C. Qualified Immunity
The individual defendants also briefly argue that they are entitled to qualified immunity even if a genuine factual dispute exists. Mem. Supp. Mot. Summ. J. 17-18. "The purpose of the doctrine of qualified immunity is to shield public officers from liability `consequent upon either a change in law after they acted or enduring legal uncertainty that makes it difficult for the officer to assess the lawfulness of the act in question before he does it.'" Walker v. Benjamin, 293 F.3d 1030, 1040 (7th Cir. 2002) (quoting Ralston v. McGovern, 167 F.3d 1160, 1162 (7th Cir. 1999)). "Qualified immunity attaches when an official's conduct `does not violate clearly established statutory or constitutional rights of which a reasonable person would have known.'" White v. Pauly, 137 S.Ct. 548, 551 (2017) (per curiam) (quoting Mullenix v. Luna, 136 S.Ct. 305, 308 (2015)).
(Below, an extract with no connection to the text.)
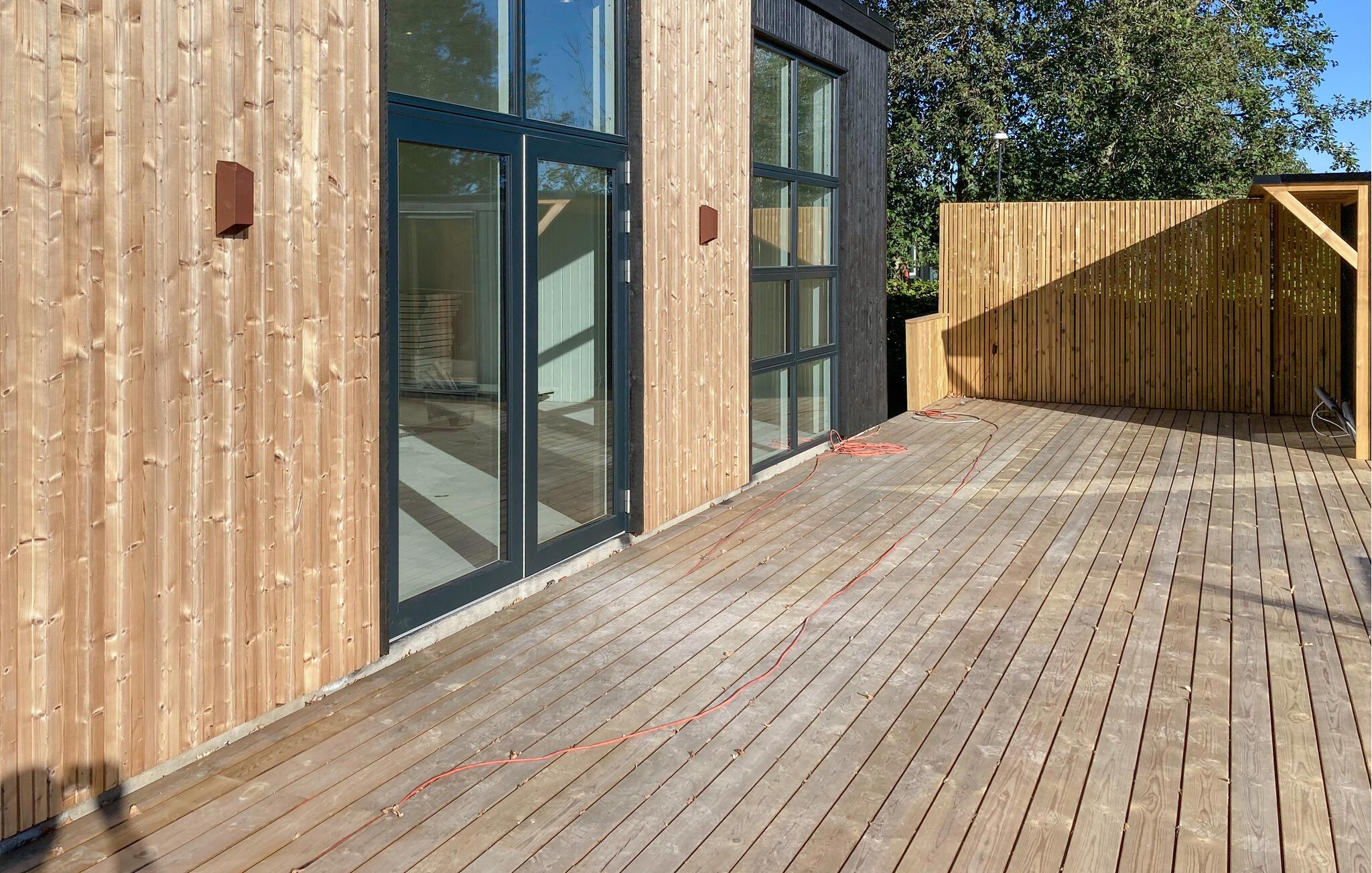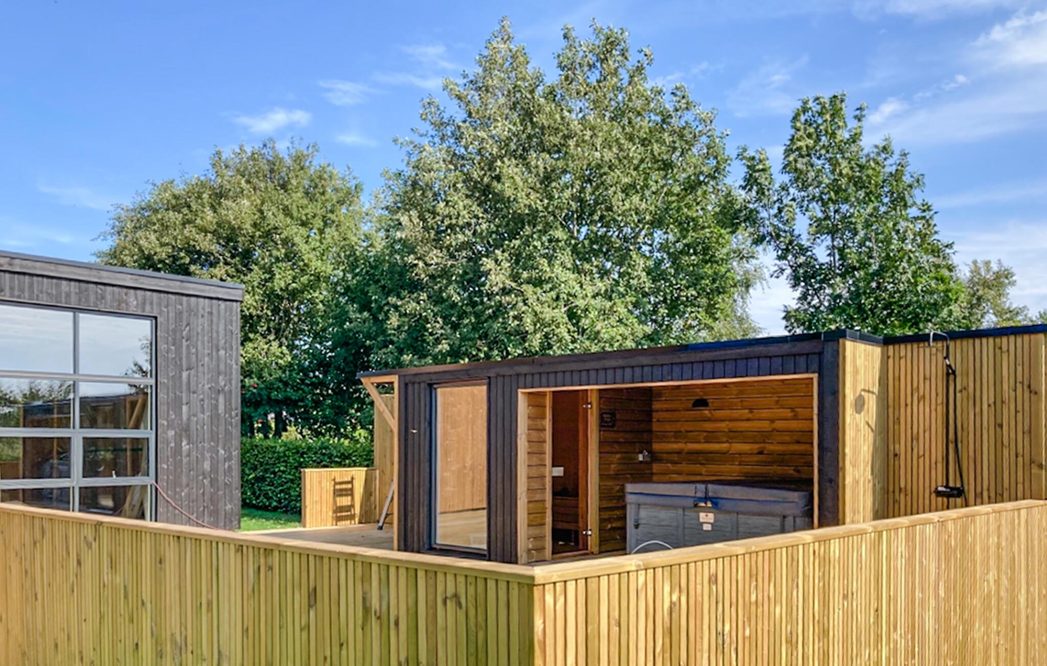Træd ud på træterrassen og nyd en feriestund udendørs. Børnene har mulighed for at hoppe løs på trampolinen, gynge en tur eller lege i sandkassen. I det overdækkede udendørsområde med spabad og sauna kan de voksne komme helt ned i tempo og nyde freden og roen efter en aktiv dag.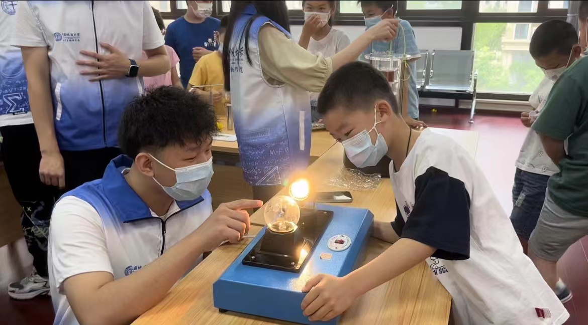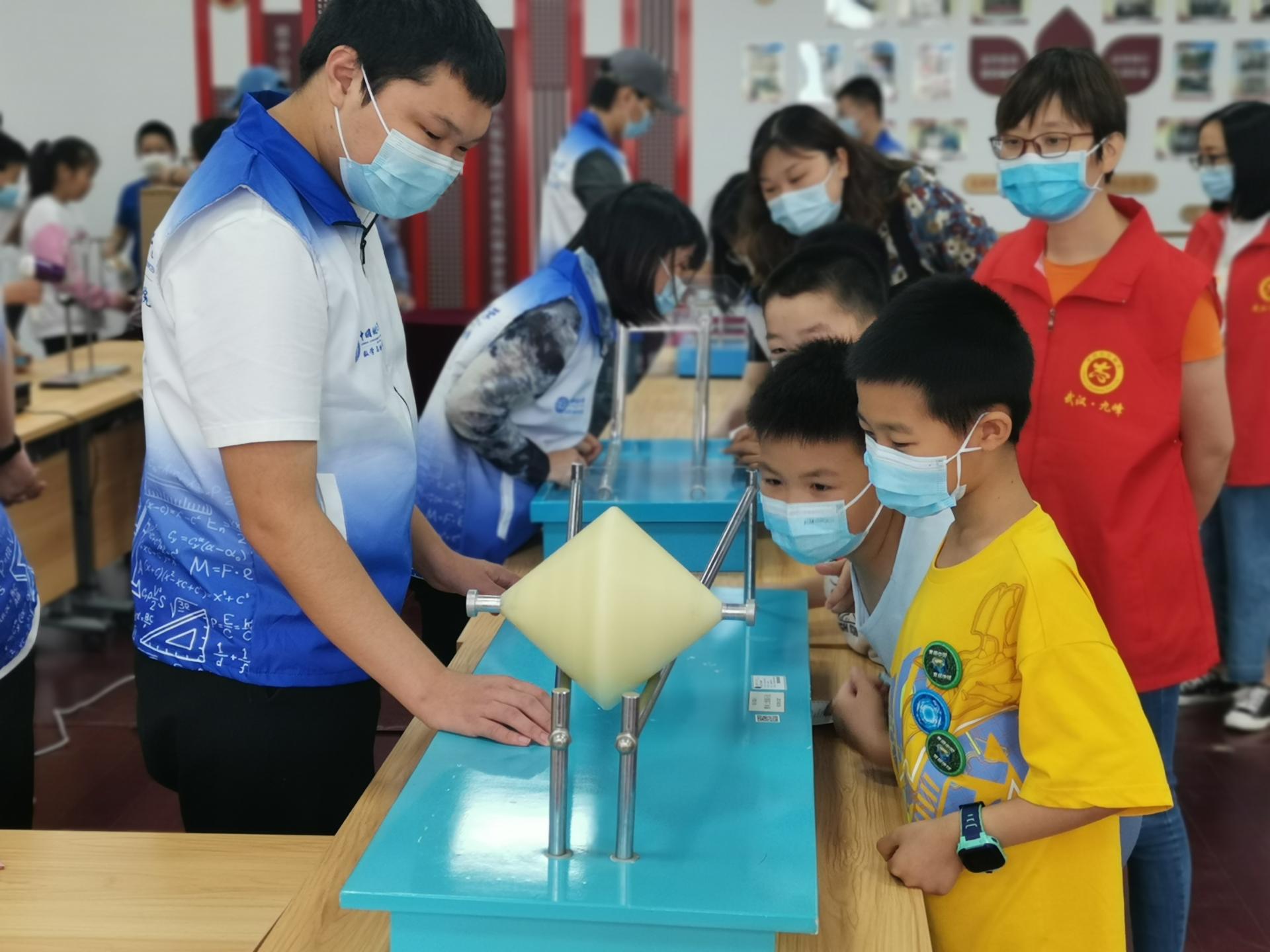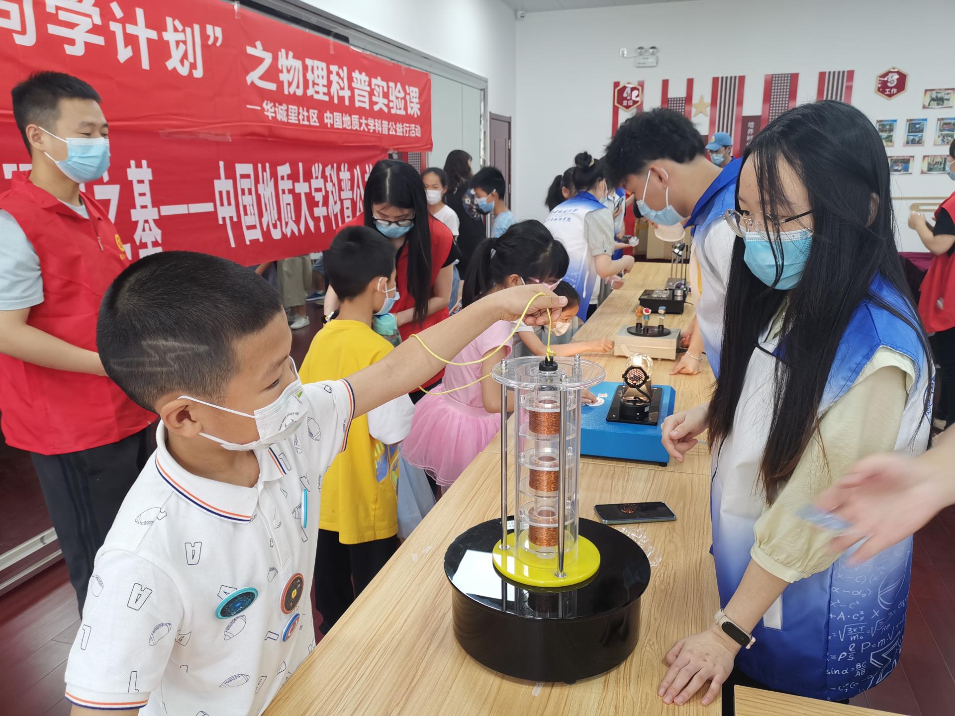地大新聞網訊(通訊員 鄒夢夢)“我印象最深的是椎體上滾的實驗,原來我的眼睛被騙了,太神奇了!以后哥哥姐姐們能不能多來我們上課?”就讀于光谷十七小四年級的龔熙桐,向帶隊的孫宇濤老師說。6月12日,我校學生黨員科普公益行走進武漢市東湖高新區九峰街華誠里社區,開展主題為“格物致理,春風化雨”的青少年物理科普日活動。

The genuine fact issues already identified preclude summary judgment for Cox on qualified immunity. "The general standard for liability under the Eighth Amendment for refusal to treat a serious medical condition was well-established at the time of these events." Walker, 293 F.3d at 1040 (citing Ralston, 167 F.3d at 1162); see also Doe v. Gustavus, 294 F.Supp.2d 1003, 1012 (E.D. Wis. 2003) ("As the Seventh Circuit has noted, the Eighth Amendment prohibition against deliberate indifference to a prisoner's medical needs has been clearly established since the Supreme Court's 1976 decision in Estelle v. Gamble." (citing Walker v. Shansky, 28 F.3d 666, 670 (7th Cir. 1994)). In Benjamin, supra, the Seventh Circuit denied qualified immunity to a prison nurse based on a genuine dispute of material fact because the record permitted the jury to find that the nurse refused to give a prisoner prescribed pain medication following a surgery for no legitimate reason. See 293 F.3d at 1040. And in Ralston, supra, the Seventh Circuit held that a genuine dispute of material fact existed on a prison guard's qualified immunity defense where the record included evidence that the guard refused a prisoner's request for his pain medication even after the prisoner explained that he could not swallow and was spitting blood. 167 F.3d at 1161-62. Under those cases and the cases discussed above, if the jury believes Cruz's version of events, Cox would not be entitled to qualified immunity because the jury could conclude that she needlessly prolonged Cruz's pain by completely ignoring his specific complaints shortly after she came on shift; the case law gave Cox reasonable notice that she had to do something, such as check with medical personnel, in the face of a complaint of persistent, severe pain Cruz described as an emergency. See, e.g., Rodriguez v. Plymouth Ambulance Serv., 577 F.3d 816, 829 (7th Cir. 2009) ("Deliberately to ignore a request for medical assistance has long been held to be a form of cruel and unusual punishment . . . [,] provided that the illness or injury for which assistance is sought is sufficiently serious or painful to make the refusal of assistance uncivilized . . . ." (quoting Gutierrez v. Peters, 111 F.3d 1364, 1372 (7th Cir. 1997))).
For the reasons given above, the defendants' motion for summary judgment (ECF No. 123) is granted in part and denied in part. The court enters summary judgment in favor of all defendants except Cox. A status conference is set for April 7, 2017 at 9:30 a.m.